_AIM OF THE TASK_:
Beginning at the line that holds "Переходим к печёнке.", transcribe each line exactly through the end of the records, and leave any pictures out.

*** SOURCE RECORDS ***

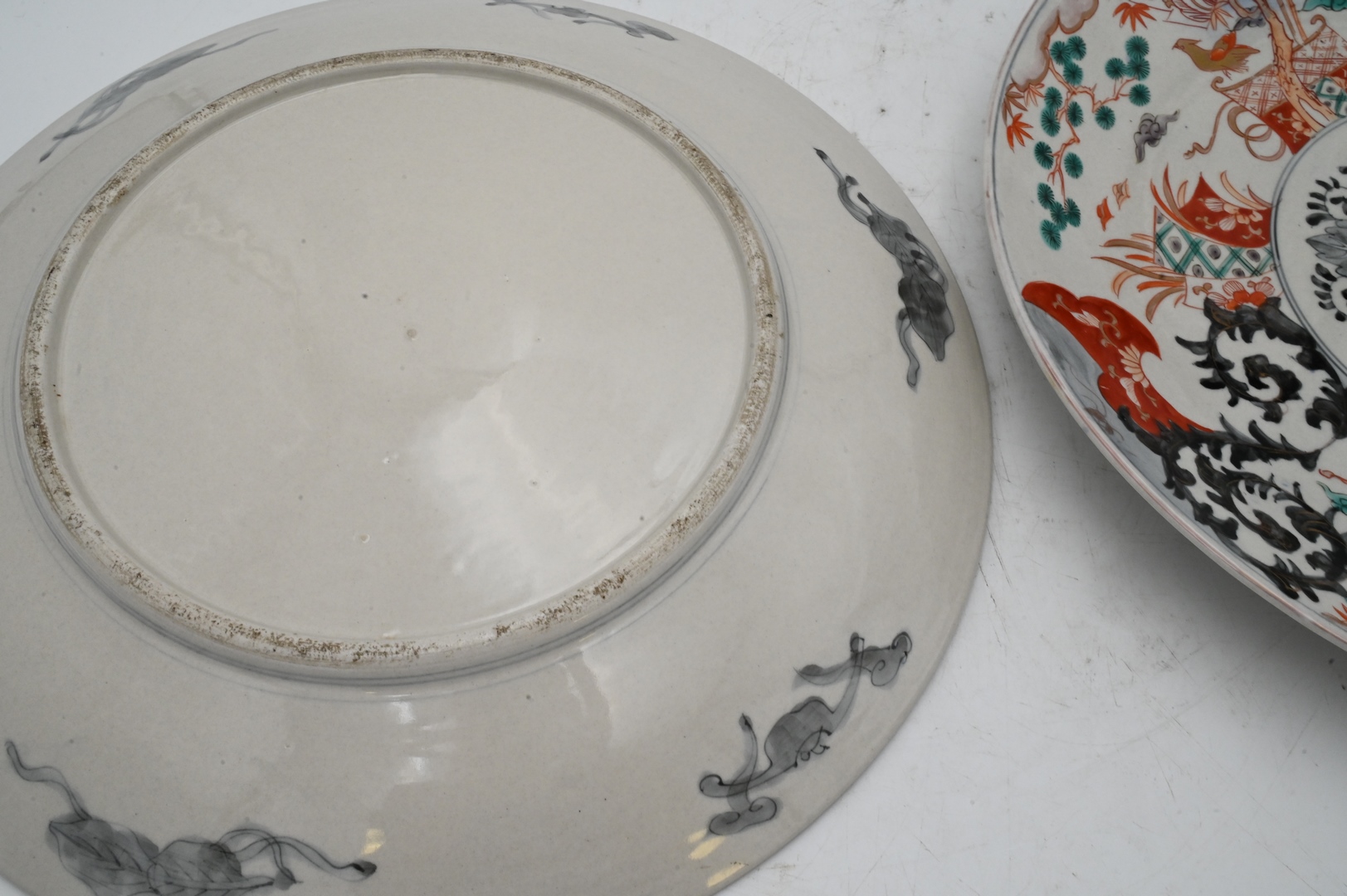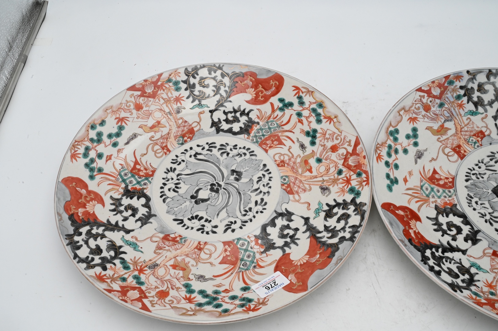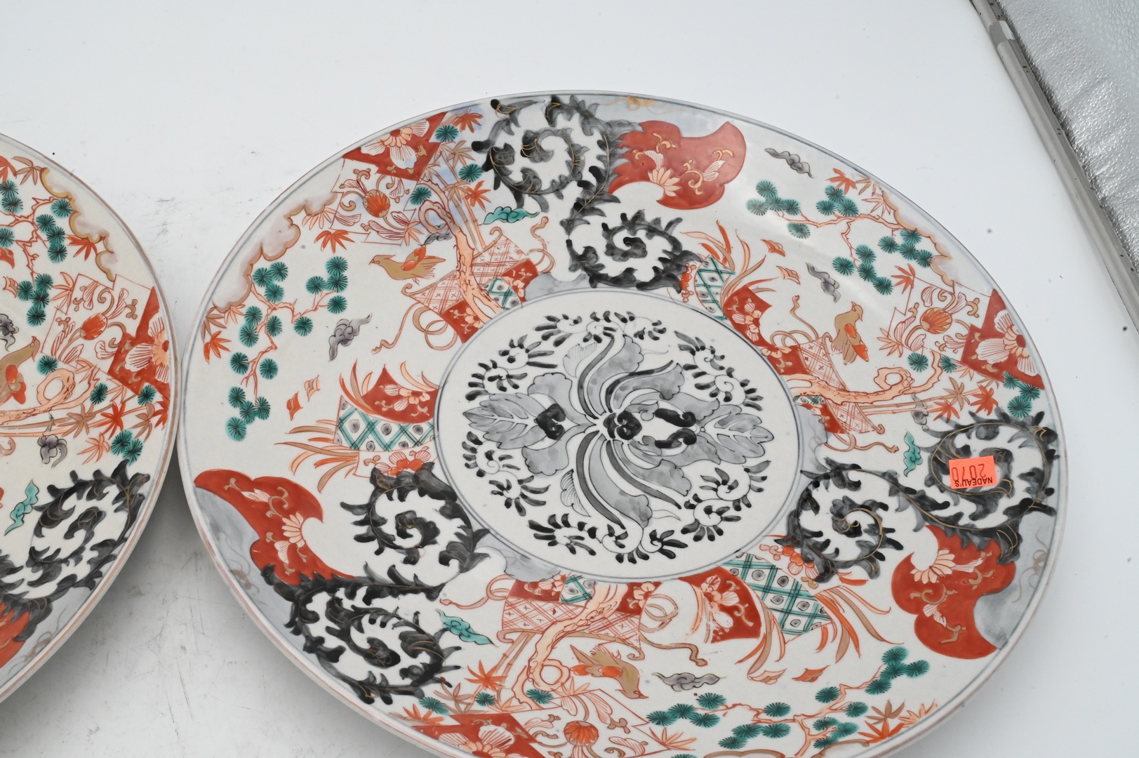 A Pair of Large Japanese Porcelain Imari Chargers, diameter 16 inches.
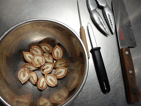 クルミの先っぽがわずかに開く。そこへ包丁の刃を差し込み割る。
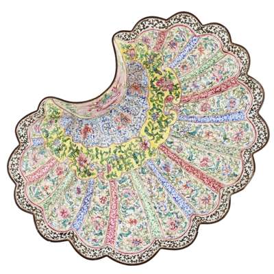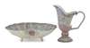 the shell form ewer and basin decorated in polychrome with bands of brightly coloured flowers and foliage
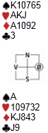 Spillet under spilte jeg med en ukjent makker på nettet, og du kan jo se om du klarer å få det til bedre enn denne. Øst åpner 1 ruter, vest svare 1 spar, øst 1NT før vest avslutter meldeforløpet med 3NT og pass rundt. Motparten har forholdt seg tause. Ut kommer liten kløver, antagelig fra femkort, og denne vinner spillefører med tieren på hånda.
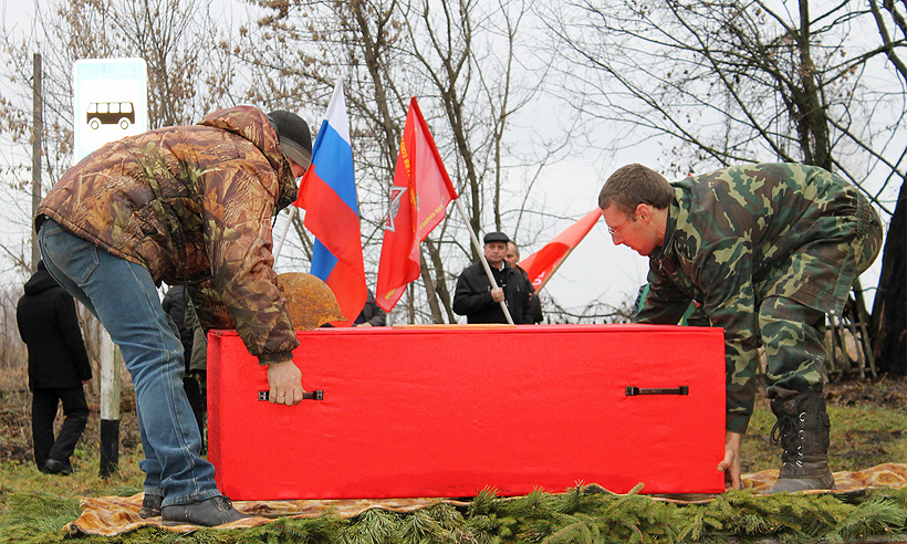 В течение года, при проведении поисковых работ по увековечиванию памяти погибших при защите Отечества в рамках Всероссийской «Вахты Памяти — 2015», поисковым движением «Отечество» на территории Погарского муниципального района были обнаружены останки еще нескольких красноармейцев. Сегодня под залпы оружейного салюта останки были преданы земле.
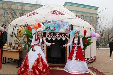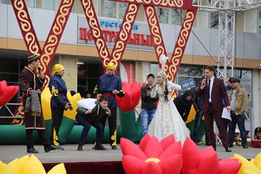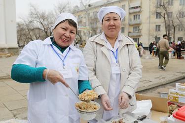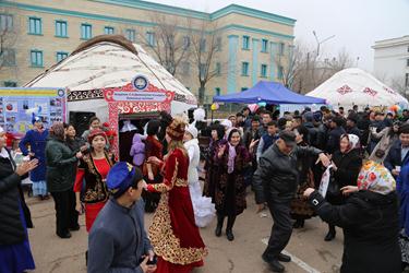 По случаю праздника на площади были установлены юрты от Байконурского филиала АО "Народный Банк Казахстана", колледжа им. академика Джиенкулова, фирмы «Бутя-Байконур» и казахстанских школ города. Гости праздника могли отведать яства казахской кухни - плов, шубат, баурсаки, и ритуальное блюдо наурыз коже, олицетворяющее собой достаток и процветание.
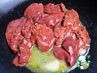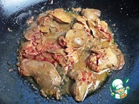 Переходим к печёнке. Убираем жиринки. Нагреваем сковороду вок со сливочным маслом и выкладываем в него печёнку. |
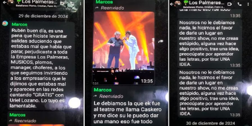 Los Palmeras se encuentran atravesando una fuerte crisis luego de que se desataran las internas a raíz de la internación de Cacho Deicas tras sufrir un ACV el pasado 10 de enero. En este sentido, se filtraron algunas chats que dan indicio de la confrontación entre el cantante y otro de los líderes del grupo Marcos Camino.

***

_SOLVED EXERCISE_:
 Переходим к печёнке. Убираем жиринки. Нагреваем сковороду вок со сливочным маслом и выкладываем в него печёнку. |
 Los Palmeras se encuentran atravesando una fuerte crisis luego de que se desataran las internas a raíz de la internación de Cacho Deicas tras sufrir un ACV el pasado 10 de enero. En este sentido, se filtraron algunas chats que dan indicio de la confrontación entre el cantante y otro de los líderes del grupo Marcos Camino.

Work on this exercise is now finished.